16-Apul-RNAhybrid
================
Kathleen Durkin
2024-11-20
- 1 format
miRNa fasta
- 2 target prediction for full
mRNA
- 3 formate
mRNA fasta
- 4
RNAhybrid: mRNA file
- 5 RNAhybrid:
3’UTR
- 6 RNAhybrid:
5’UTR
- 7 Summarize
results
``` r
library(ggplot2)
```
RNAhybrid is a miRNA-mRNA target prediction tool, which bases its
predictions primarily on thermodynamic binding stability.
Inputs: - miRNA “query” FASTA file – I believe this is simply the mature
miRNA sequences, since the mature miRNA molecule is what will presumably
bind to an mRNA
- mRNA “target” FASTA file – the *A. pulchra* genome fasta
# 1 format miRNa fasta
ShortStack outputs a fasta containing all annotated miRNAs, but it
includes the full precursor sequence and star sequence, in addition to
the mature miRNA. Since mature miRNAs are the “final forms” that are
generally much more highly expressed, we’ll just look at binding of
mature miRNAs for now.
``` bash
# look at miRNA fasta file
head -5 ../output/11-Apul-sRNA-ShortStack_4.1.0-pulchra_genome/ShortStack_out/mir.fasta
echo ""
# check the naming convention for sequences
grep "^>" ../output/11-Apul-sRNA-ShortStack_4.1.0-pulchra_genome/ShortStack_out/mir.fasta | head -10
# isolate just the mature miRNA sequences
awk '/^>/ {header=$0} /mature/ {print header; found=1; next} found {print; found=0}' ../output/11-Apul-sRNA-ShortStack_4.1.0-pulchra_genome/ShortStack_out/mir.fasta > ../data/16-Apul-RNAhybrid/miRNA_mature-Apul-ShortStack_4.1.0-pulchra_genome.fasta
echo ""
# check filtered file
head -6 ../data/16-Apul-RNAhybrid/miRNA_mature-Apul-ShortStack_4.1.0-pulchra_genome.fasta
```
## >Cluster_1826::ntLink_6:4847443-4847535(-)

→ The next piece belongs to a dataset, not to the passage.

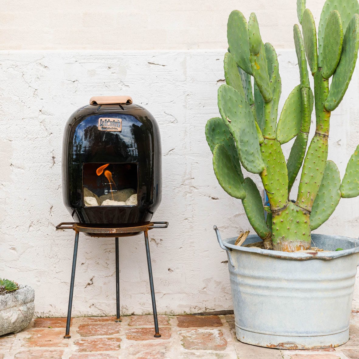 Camino al bioetanolo piccolo in terracotta smaltato nero
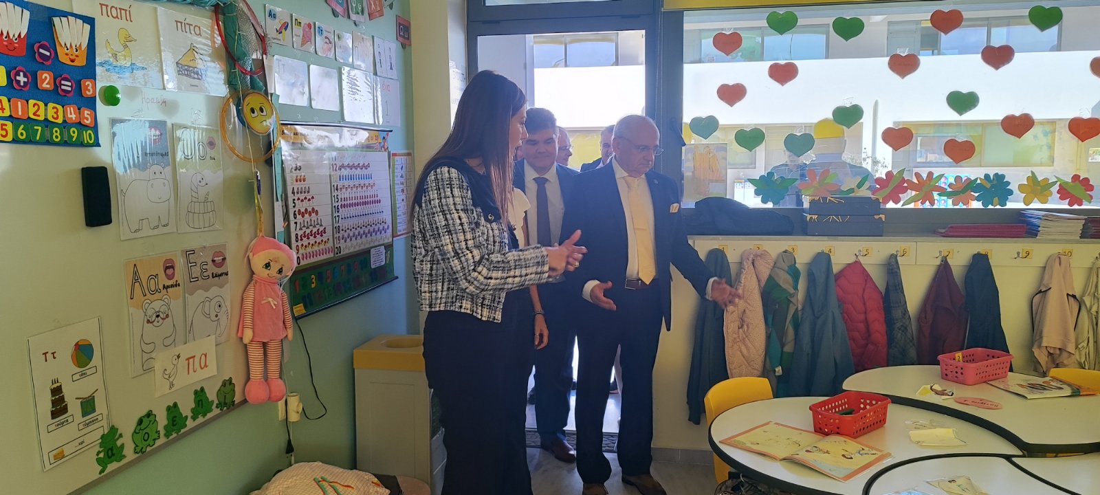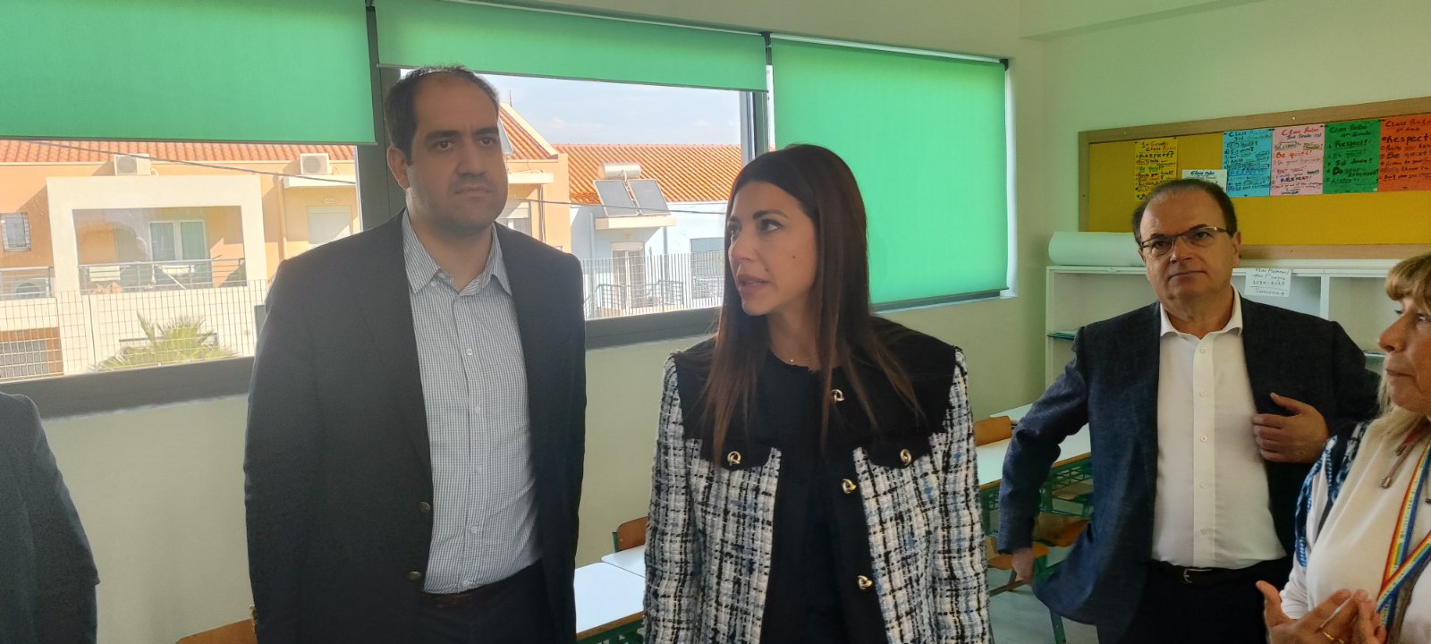 Μετά την επίσκεψή της στο 1ο Ειδικό Δημοτικό Σχολείο όπου η Υπουργός ξεναγήθηκε στους χώρους του σχολικού συγκροτήματος και ενημερώθηκε για τις δράσεις που υλοποιούνται, βρέθηκε στο 16ο Δημοτικό Σχολείο, μια νέα σύγχρονη σχολική μονάδα που εγκαινιάστηκε πέρυσι.

## TTCAATAATCTGTTACCAACAAAGAAAGTGCTCTAATCATATTATTGTTA
## TGATCATAGCACTTTCTTTGTTGGCAACAGATGCAGAGCCACT
## >Cluster_1826.mature::ntLink_6:4847465-4847486(-)
## ATGATCATAGCACTTTCTTTGT
##
## >Cluster_1826::ntLink_6:4847443-4847535(-)
## >Cluster_1826.mature::ntLink_6:4847465-4847486(-)
## >Cluster_1826.star::ntLink_6:4847494-4847515(-)
## >Cluster_1832::ntLink_6:5157537-5157626(+)
## >Cluster_1832.mature::ntLink_6:5157559-5157579(+)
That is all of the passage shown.